If you'd like to follow along with this presentation from PyGotham 2018, please feel free to download this repo and follow these instructions.
To install TextBlob, simply open a shell and type:
$ pip install textblob
$ python -m textblob.download_corpora
If you run into an issue with certificate errors on step two above and you are on a Mac, you can see this article to learn more about ways to address it.
Also, if you want to be all professional about this, you probably want to learn about installing and using virtualenv, and probably virtualenvwrapper. But it's really up to you -- not required to just get going here.
Now you're ready to get started using TextBlob! Launch a python shell to get going.
$ python
Let's import TextBlob:
from textblob import TextBlob
Now let's create our first TextBlob from the text of a random tweet, and we're going to call it tweet
:
tweet = TextBlob("I am very excited about the person who will be taking the place of Don McGahn as White House Councel! I liked Don, but he was NOT responsible for me not firing Bob Mueller or Jeff Sessions. So much Fake Reporting and Fake News! ")
Congrats! You've made your first TextBlob. Here's some stuff you can do with it:
tweet.words
tweet.sentences
tweet.tags
tweet.noun_phrases
tweet.word_counts
tweet.sentiment
To start making a Naive Bayes classifier with TextBlob, we need to start by importing the NaiveBayesClassifier from the TextBlob package:
from textblob.classifiers import NaiveBayesClassifier
Great. Now you can make your own NaiveBayesClassifier and train it with some training data. Assuming you've downloaded the sample.json
file in this repo and you opened your Python shell from inside that same directory, you can type these commands to open the sample file and use it to train a new classifier we're creating and calling cl
:
with open('sample.json', 'r') as training:
cl = NaiveBayesClassifier(training, format='json')
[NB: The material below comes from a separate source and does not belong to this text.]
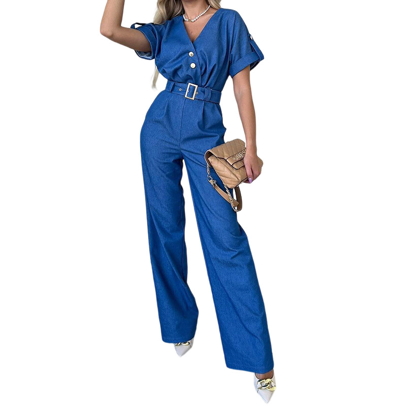 | nameOriginal | FD1287 in stock 2023 cross-border summer new women's fashion temperament V-neck short sleeved straight jumpsuit |

That may take a second, but now you have a cl
object that is a NaiveBayesClassifier, and it has been trained with our sample.json
training data. You've basically built up a big probability table of which words or "features" are more closely associated with the labels in our training data. To see some information about these probabilities, type:
cl.show_informative_features()
Now you're ready to classify some new text that the cl
classifier object hasn't yet seen.
Let's try to classify the tweet
TextBlob we created earlier with this command:
cl.classify(tweet)
That's great. It should only return the name of the label (from our training sample.json
data) that the tweet
text is most like. But what if you want some more information, like if it was a very strong match to one of our labels, or if it's almost 50/50?
You can use the prob_classify
method to get some probability information about how likely each of your labels is to be used, by calling the methods this way (using the same 'labels' that are contained in the training data):
cl.prob_classify(tweet).prob('Trump')
cl.prob_classify(tweet).prob('Staff')
Now if you want to run some real tests, you can also feed in some test data in a very similar way to how we trained our classifier. Assuming you have the test.json
file in this repo, you can load it in and test how accurate your classifier is by running:
with open('test.json', 'r') as test:
cl.accuracy(test, format='json')
And that's our demo! The TextBlob docs are really great and has a lot of the information here (along with much more).
Enjoy getting started with text analysis and classification in Python!